» **Goal of the exercise**: Beginning with the line that holds "1、在肥西融媒首页,点击右下角我的选项,进入个人页面。" and finishing with the line that holds "年发布的《当前全国盐业及下游两碱市场分析》数据显示, 2017 年我国原盐产能达到11075", repeat the listing exactly, leaving every picture out.

--------

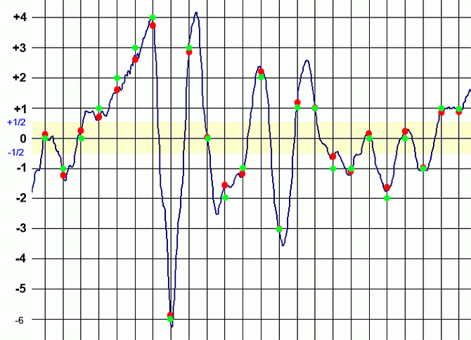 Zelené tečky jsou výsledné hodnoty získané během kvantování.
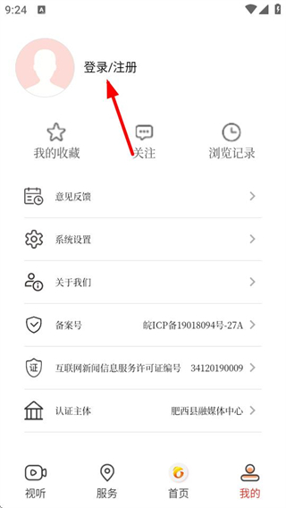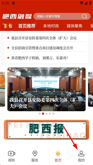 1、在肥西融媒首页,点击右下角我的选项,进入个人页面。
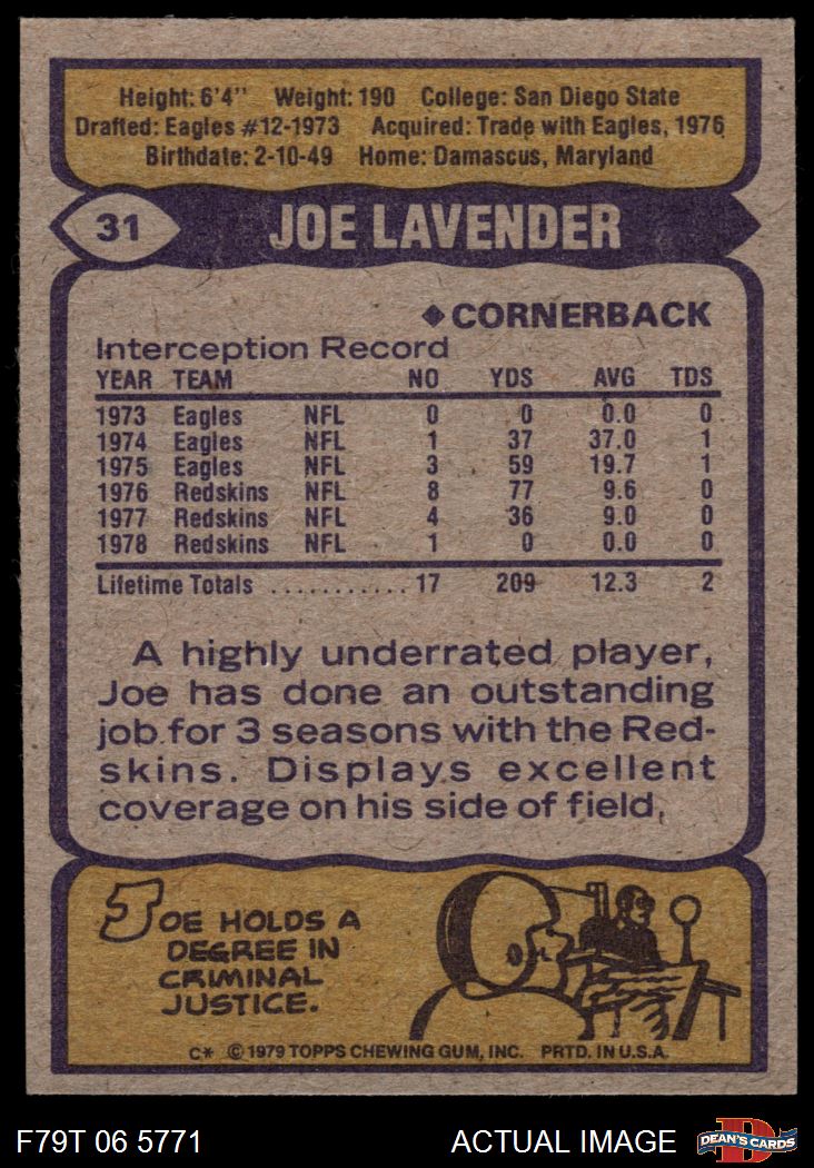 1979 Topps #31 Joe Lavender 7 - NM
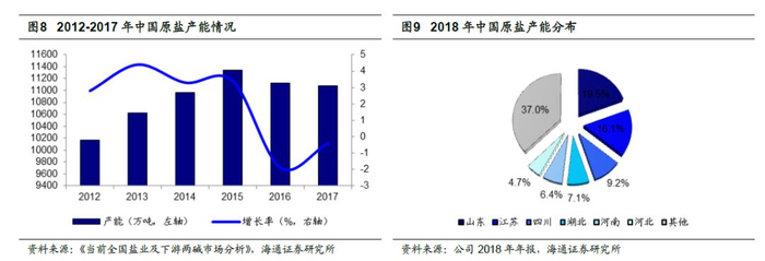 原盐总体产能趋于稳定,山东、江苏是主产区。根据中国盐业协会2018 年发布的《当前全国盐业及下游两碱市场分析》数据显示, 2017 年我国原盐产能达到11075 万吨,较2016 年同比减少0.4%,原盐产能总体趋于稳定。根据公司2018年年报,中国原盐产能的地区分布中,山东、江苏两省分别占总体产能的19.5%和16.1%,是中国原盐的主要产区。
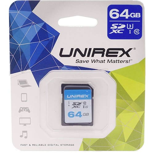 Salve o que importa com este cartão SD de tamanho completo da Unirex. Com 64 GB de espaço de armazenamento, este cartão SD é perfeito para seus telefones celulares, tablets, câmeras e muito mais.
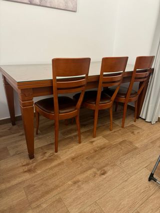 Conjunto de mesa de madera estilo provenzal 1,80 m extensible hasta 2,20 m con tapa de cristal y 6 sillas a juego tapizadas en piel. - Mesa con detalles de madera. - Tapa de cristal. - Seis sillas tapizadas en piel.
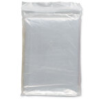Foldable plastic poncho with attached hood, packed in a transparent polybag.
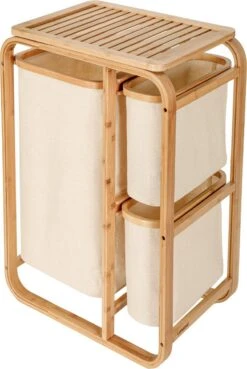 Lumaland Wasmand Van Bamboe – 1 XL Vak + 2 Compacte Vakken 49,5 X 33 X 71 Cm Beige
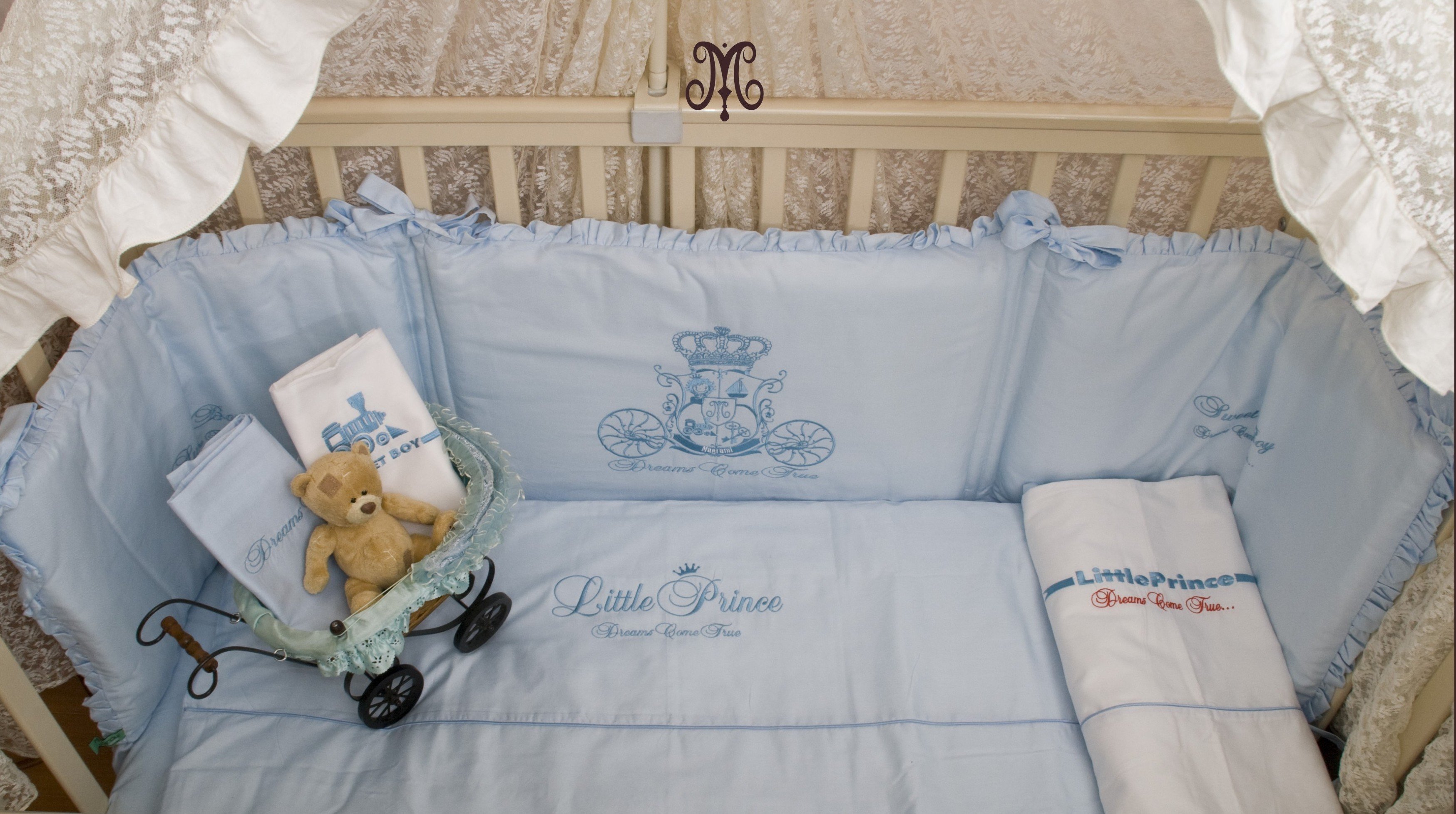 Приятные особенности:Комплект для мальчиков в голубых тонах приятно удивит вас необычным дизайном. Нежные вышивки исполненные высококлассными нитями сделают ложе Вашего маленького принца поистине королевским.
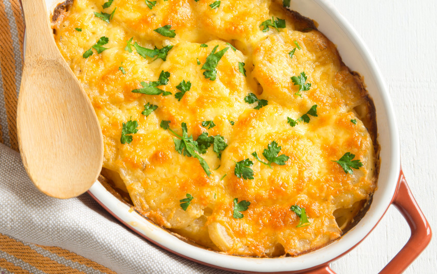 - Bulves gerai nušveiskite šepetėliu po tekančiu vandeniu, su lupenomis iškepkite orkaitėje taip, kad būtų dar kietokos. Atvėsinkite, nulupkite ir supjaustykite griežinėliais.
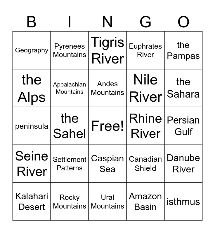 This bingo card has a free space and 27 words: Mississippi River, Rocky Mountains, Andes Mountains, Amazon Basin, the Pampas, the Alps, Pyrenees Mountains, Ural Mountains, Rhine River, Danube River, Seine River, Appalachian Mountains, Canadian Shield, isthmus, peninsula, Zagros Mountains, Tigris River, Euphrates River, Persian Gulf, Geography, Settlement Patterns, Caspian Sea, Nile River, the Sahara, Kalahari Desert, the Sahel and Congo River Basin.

--------

» **Result for this exercise**:
 1、在肥西融媒首页,点击右下角我的选项,进入个人页面。
 1979 Topps #31 Joe Lavender 7 - NM
 原盐总体产能趋于稳定,山东、江苏是主产区。根据中国盐业协会2018 年发布的《当前全国盐业及下游两碱市场分析》数据显示, 2017 年我国原盐产能达到11075 万吨,较2016 年同比减少0.4%,原盐产能总体趋于稳定。根据公司2018年年报,中国原盐产能的地区分布中,山东、江苏两省分别占总体产能的19.5%和16.1%,是中国原盐的主要产区。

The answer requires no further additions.